Page 13 of Sinfully His

“You’re a…?”

“You expected God himself to come down and save you?” I raised an eyebrow at her. “You were assaulted in the alleywaybehind the church. This church has the small rectory with the entrance in that alley.”

I had been given the option of other accommodations; there were a few clergy houses nearby, and hardly anyone lived here. Most did not like the dark subterranean levels, but I loved it. These rooms were decorated, showing off the true luxury and wealth the Catholic Church possessed.

Everything was made with the highest-quality materials, including rich woods, lush velvets, and silks. The furniture was heavy, made to last generations by master artisans. It wasn’t the bright, airy, modern decadence that spoke of minimalism and taste but of old-world decadence.

I may have taken a vow of poverty—that I ignored as freely as every other vow I was forced to take—but I was still a Manwarring, and that demanded a certain lifestyle.

“I… but… you… in the other room.” Rose was opening and closing her mouth, a single word occasionally making it through.
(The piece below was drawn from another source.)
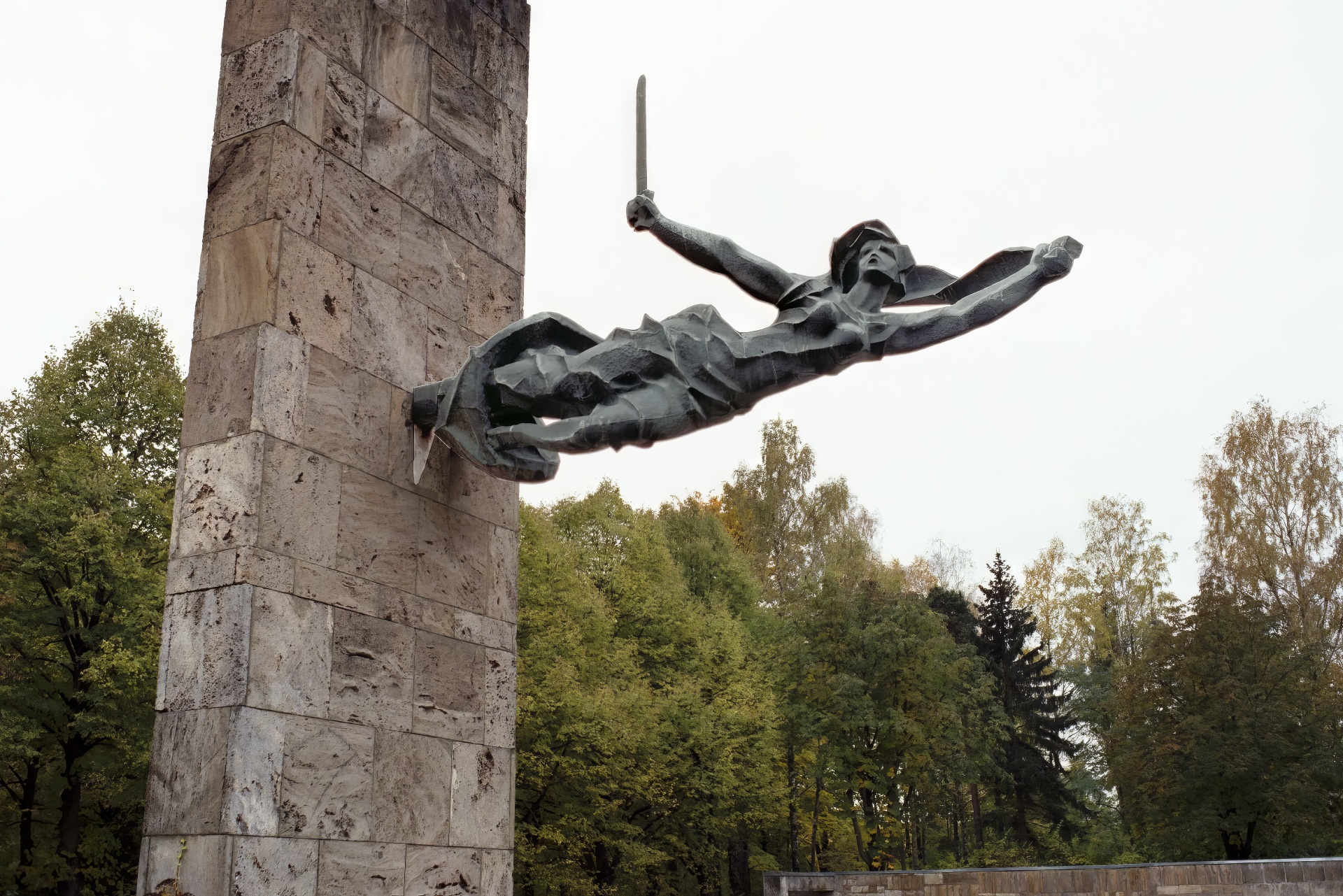 The flying avenging sword brandishing figure is reminiscent of "monuments to the soldiers-liberators" scattered across the former Soviet Union and puppet territories

“Angel, if you want me to answer your questions, I’ll need you to put a full sentence together. If not, let’s return you to where you belong. Somewhere without dirty alleys and Irish thugs, no doubt.”

“But you’re a priest.”

CHAPTER 7

THOMAS

Iwasn’t the least bit surprised when I got the call from Mary Quinn’s assistant inviting me to her home for tea. The assistant informed me that Mrs. Astrid would like to discuss how the Astrid family could further contribute to the winter programs held at the church.

It made perfect sense that was the excuse she would use.

Between Mary Quinn’s currently slightly bruised reputation and my new assignment at the church of the New York elite, the call should have come moments after I stepped off the plane. But Mary Quinn, ever the strategist, wanted to make it seem like she didn’t need me. Or, better yet, that she would pretend that she had only just heard through the grapevine—and not her spies—who the new priest was, and she felt the need to reach out and offer a helping hand.

I couldn’t wait to take that hand and use it to drag her through hell and back again.

There was no doubt in my mind that Mary Quinn wanted a look at me, to bask in what she thought was a personal triumph. Her ruin would be all the sweeter for it.

Or maybe she really wanted to help. Not for altruistic purposes, of course, but I had heard from other priests andthe maids employed at my father’s house that Mary Quinn’s reputation had taken almost as much of a beating as her ego.

Things started falling apart publicly for her a few years back. One daughter leaving her fiancé at the altar to marry another man was one thing. For that embarrassment, she could be forgiven—mostly because it provided entertainment and gossip.

But to then publicly announce the engagement of her son to a society woman, just to have him dump her and immediately marry a girl who came from nothing?

Worse than that, he snubbed that socialite for his paralegal. Which, in the minds of other society women, might as well have been Harrison Astrid publicly marrying his secretary and thereby implying that it was acceptable for their husbands to leave them for the tarts that blew their husbands for “stress relief” at work.

No, that could not be tolerated.

Then for them to find out in a press release from that very same man that the indignity came from a bastard. Again, insinuating that their husbands’ bastards should be claimed and the legitimacy of their legitimate children tested. After all, if an upstanding woman like Mary Quinn could cuckold her husband and pass off another man’s child, who was to say she was the only one?

Mary Quinn’s actions, and the actions of her children, made them look bad. That would not be tolerated.

Any other woman would have been destroyed, and Mary Quinn should have been. So, really, I was just setting everything right with the world.

Ever in love with her power games, Mary Quinn tried to send her car, but I took my own, wanting to make sure that I left on my terms, not hers. I wasn’t entirely sure what kind of bullshit Mary Quinn was about to pull, but I knew to expect anything.

My driver pulled up to the estate, and I looked out the window at the multi-million-dollar address. I had been here before, of course, usually tagging along with my brother when he came to hang out with Harrison, but it had been years. I had forgotten how little taste Mary Quinn really had.

Such a beautiful classic building, its appeal stunted by modern touches like the security camera on the gate and the big black digital call box. One would think with all that money, she would at least hire the right people to add modern security features but install them to blend with the building, or at least appear a little less obvious. Maybe she just didn’t understand that a home had to be more than expensive and old to be stylish.

The added tacky features ruined it. It felt empty and cold.

However, I had to admit there was the chance that maybe that was what she was going for. Maybe she told the designer to make it look like her, expensive but tacky. Old but full of modern features that just didn’t quite fit. For the house it was the new cameras. For Mary Quinn, it was the new nose.

Or maybe my time in Rome had given me a different appreciation for what was and wasn’t art. There was no greater show of majesty, taste, and opulence than the Catholic Church. After living in the Vatican for so long, everything modern just felt dead.

As I walked up to the door, the excitement almost had me vibrating with anticipation. I thought being back here, ready to face the beast, would fill me with anger or dread. But I was almost drunk with a wild nervous energy.